Внезапно идиллия была разрушена – Мисаки внезапно заметил тех давешних девочек, что преследовали его, горя желанием узнать, кому он вручит дорогой букет. Наивные школьницы-яойщицы так и застыли с восхищенно приоткрытыми ртами: их мальчик, оказывается-то, гей!
- Ой, Усаги-сан, отпусти, отпусти, пожалуйста! – в панике забормотал Мисаки, стараясь незаметно выбраться из объятий. – Ну, отпусти же!..
- Не отпущу, - упрямо и твёрдо отрезал Усаги-сан.
- Люди же смотрят… - жалобно прошептал Мисаки, не понимая, что делает его тело – одна его рука легла на плечо Усаги, другая скользнула со спины выше и зарылась пальцами в густые жёсткие волосы.
- Люди приходят и уходят, - сказал Усаги чуть грустно. – Они безымянны, и мне на них наплевать. Но твоё имя, тебя я знаю. И я хочу, чтобы ты остался со мной навечно…
- Усаги-сан… - Мисаки чувствовал что-то вроде эйфории, только ещё лучше. Пожалуй, этому чувству, которое будет испытывать на себе всегда только один Мисаки, следует дать название: «Близость Усаги-сана», например.
- Мисаки… Пошли.
Писатель, к скрытому разочарованию Мисаки, отстранился от него. Мисаки дернулся, но не отвернулся, когда Усаги нежно провёл кончиками пальцев по его щеке – только опустил глаза, чтобы ненароком не столкнуться взглядом с Усаги и не покраснеть ещё сильнее.
- Пошли, - повторил Усаги, затем крепко взял мальчика за руку и куда-то потащил.
- Куда, Усаги-сан? Эй! Куда ты меня тащишь? – лицо Мисаки было ровно красным, потому что ему было и стыдно, и хорошо, что Усаги взял его за руку. У писателя были большие ладони, но очень изящные, красивые, аристократические, с тонкими пальцами, которые, однако, такими уж тонкими не назовёшь, когда Усаги засовывает их в… Мисаки вспыхнул и замолчал, потому что Усаги всё равно не отвечал на его вопросы, только решительно прокладывал себе дорогу сквозь людскую массу. Многие его узнавали, вокруг шептались, но Усаги шёл так быстро, таща за собой Мисаки, что никто из прохожих не мог толком сказать, в каком направлении они потом скрылись.

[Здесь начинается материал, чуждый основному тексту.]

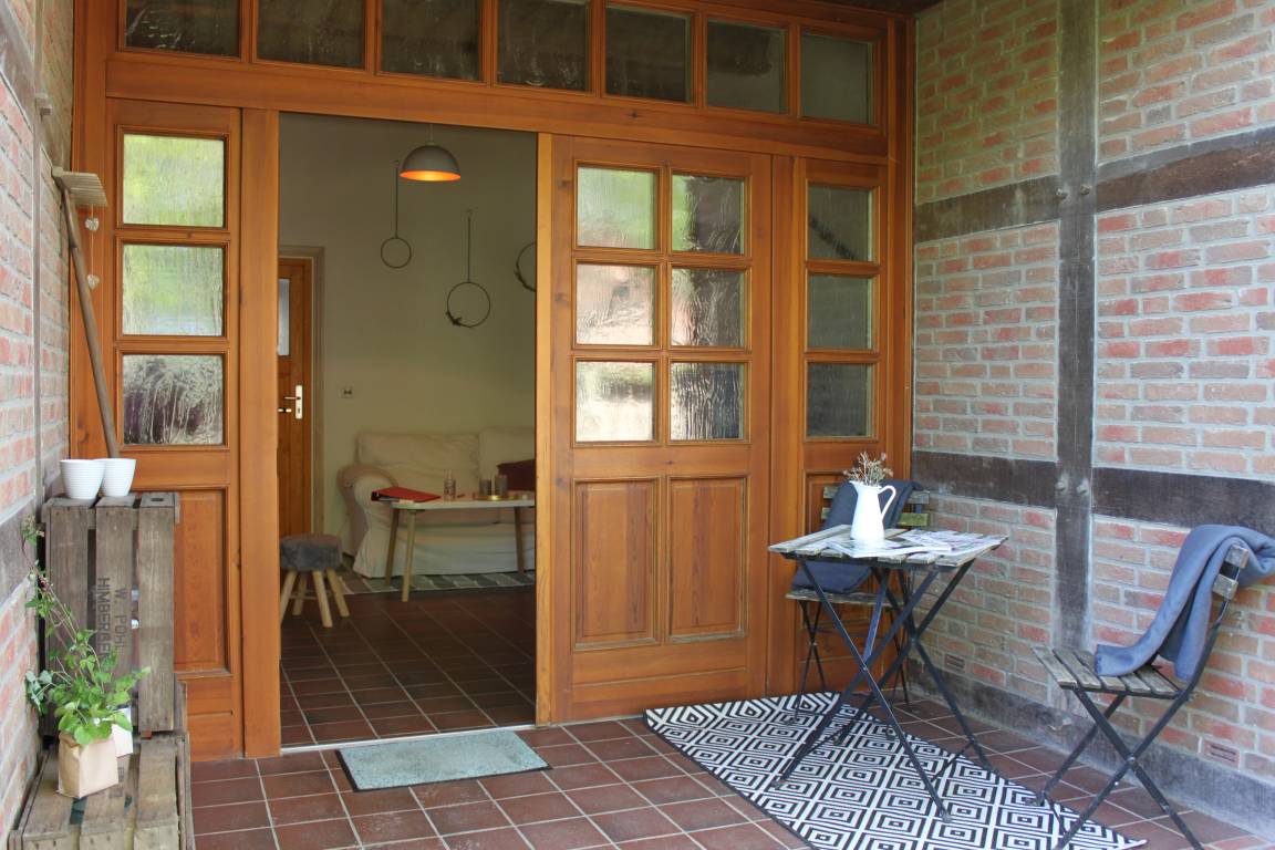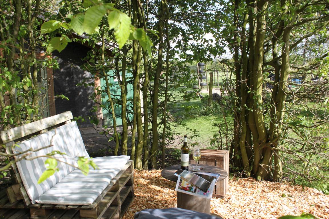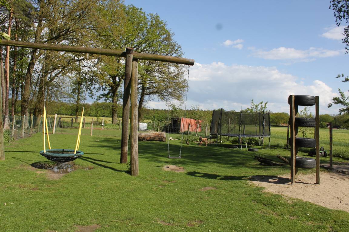 Direkt vor dem Eingang befindet sich ein kleiner überdachter Sitzplatz. Machen Sie es sich auch in der Weidenlaube gemütlich und entdecken Sie den Hof. Je nach Saison sind Kartoffeln, Eier, Marmeladen usw. auf dem Hof erhältlich. Kinder werden sich über den großen Spielbereich freuen, der auch von den Tageskindern auf dem Hof genutzt wird. Die Hühner, Enten und Ziegen freuen sich auch über Besuch. Hofhund Alma (Heideterrier) läuft Tag und Nacht auf den Hof umher und wird Sie sicherlich auch freundlich begrüßen.....
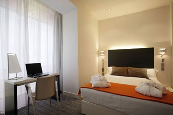 The guest rooms feature modern decoration, with bright colored, minimalist interiors. All guest rooms in the Hotel Petit Palace Canalejas include a free laptop computer with free internet access. Guest rooms also include individual climate control (air conditioning and heating), satellite LCD television, safe deposit box and mini-bar. All bathrooms are equipped with hydro-massage showers.

- Ой, Усаги, куда ты так торопишься? – Мисаки предпринял ещё одну попытку узнать о намерениях Усаги, потому что они направлялись явно не домой - выход с вокзала был совсем в другой стороне. Мальчик возмущённо на него посмотрел и хотел было что-то сказать, но осёкся, потому что у мужчины вид был очень… странным. Усаги казался голодным и решительным, вот только вряд ли этот голод могла утолить пища.

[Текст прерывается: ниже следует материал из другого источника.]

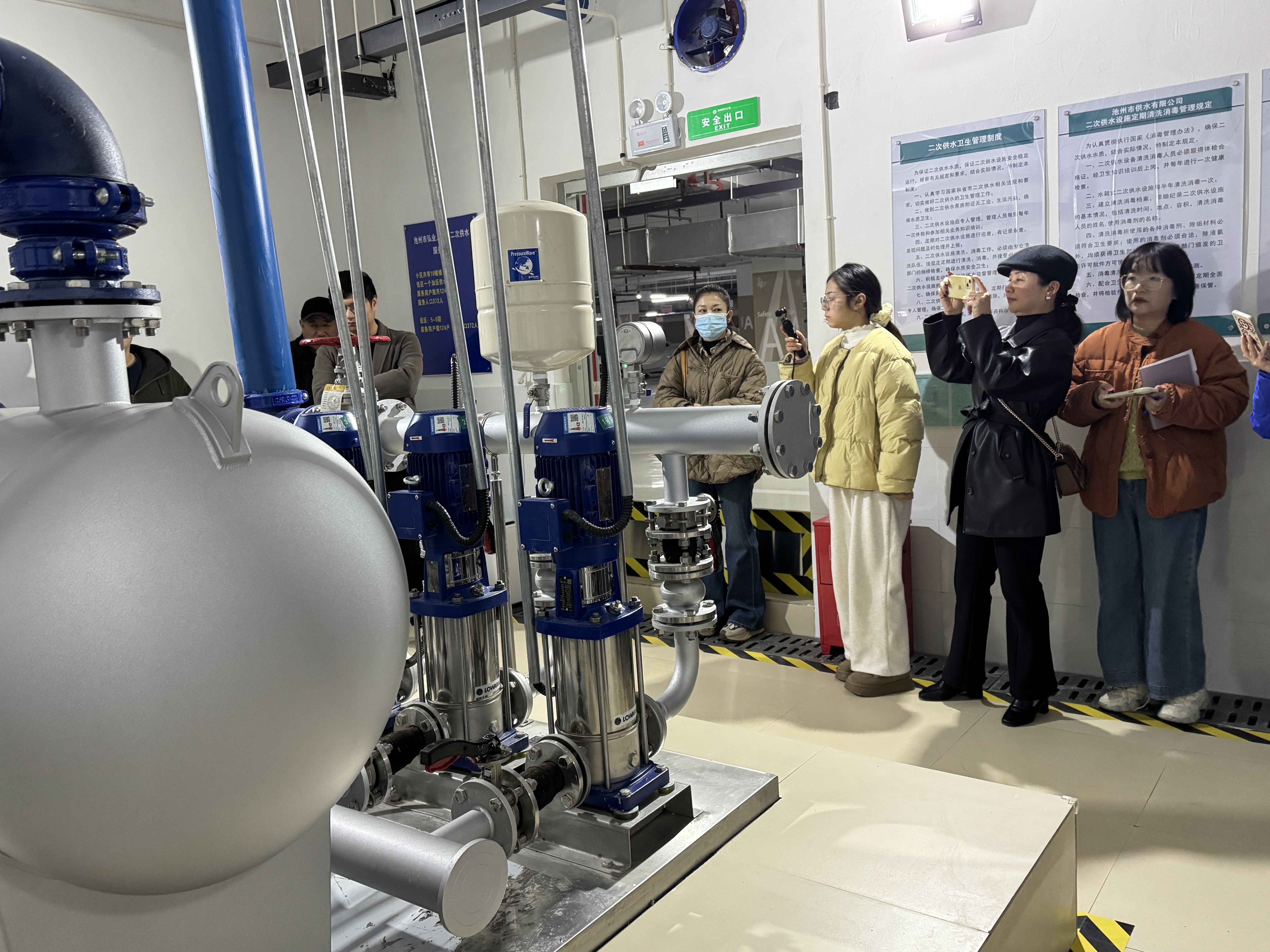 座談會前,用戶代表首先參觀了弘業上河琚小區二次供水泵站。該小區共有10幢樓,泵站設施先進,環境干凈整潔,服務用戶數124戶,服務人口372人。在現場工作人員的講解下,用戶代表對小區內二次供水流程以及供水泵站的設備運轉情況有了更加深入的認識,工作人員還詳細介紹了水廠的出廠水水壓、水質以及自來水與日常生活生產相關的信息,就客戶關心的問題進行一一解答。

Усаги привёл его в глухой ненужный закоулок вокзала, где было абсолютно пусто – ни людей, ни скамеек, ни касс, ни мусорных корзин. Только в углу была старая телефонная будка – пыльные мутные стёкла и листок на ручке с надписью: «Аппарат не работает».
- Усами-сама, - Мисаки сам не заметил, как от благоговейного мрачного страха перед таким вот пугающим Усаги он перешёл на учтиво-вежливый стиль речи. – Не ответите ли вы мне, что за мысль заставила вас привести меня сюда?..
Писатель, наконец, остановился перед этой самой будкой и сильнее сжал руку Мисаки. Он повернулся к нему лицом и с хищной, развязной улыбкой сказал:
- Мне нравится, когда ты так вежливо разговариваешь со мной… - с этими словами он распахнул дверь будки и быстро втолкнул туда ошеломлённого Мисаки.
Скрипнули петли, щёлкнула ручка, и дверь снова закрылась; Мисаки чувствовал, как холодный осенний воздух быстро нагревается от жаркого дыхания двух людей, и как от этого здесь становится ещё теснее.
Мисаки уже понял, что задумал Усаги, и потому хотел оказаться как можно дальше от этого извращенца. Он ломанулся к выходу, пытаясь обойти писателя, но тот легко перехватил его и сильно, властно прижал к себе.
- Бесполезно, Мисаки, - он издевательски рассмеялся, крепко держа его. Мисаки охнул, когда почувствовал, как твёрдый, полностью возбужденный член Усаги прижимается к его бедру – он очень хорошо чувствовал это даже через пальто.
- Бака! Нет, отпусти, не здесь!.. – он злился и отбивался, пытаясь вразумить наглого нимфомана, что общественное место, где их никто пока не видит, не есть место для занятий сексом. Но у него ничего не получалось - Усаги сладко и умело целовал его шею, становясь всё настойчивее. А когда сильные руки спустились вниз и бесстыдно сжали его ягодицы, Мисаки впал в панику, поняв, что Усаги-сан, чёрт бы его побрал, трахнет его прямо здесь в любом случае. Усаги было всё равно, смотрят на них или них, поймают их или б-г пронесёт; что бы ни случилось, сначала он кончит в Мисаки…
- Мисаки… Раздевайся, - Усаги заботливо положил на телефон букет синих роз, который чудом не помялся во время их борьбы.
- Не буду! – завопил Мисаки, у которого чуть сердце не остановилось от таких слов.
- Если ты не снимешь сам то, что помешает нам заняться сексом, то я раздену тебя полностью, - самодовольно пригрозил Усаги.
- Но это гнусно, Усаги! – возмущённо воскликнул Мисаки. Каждый раз Усаги показывал подлую тёмную сторону своей души, и каждый раз Мисаки не мог поверить в это. Впрочем, гадкий настойчивый Усаги нравился ему так же сильно, как и нежный, но об этом никто никогда не узнает, и этот писатель – в первую очередь.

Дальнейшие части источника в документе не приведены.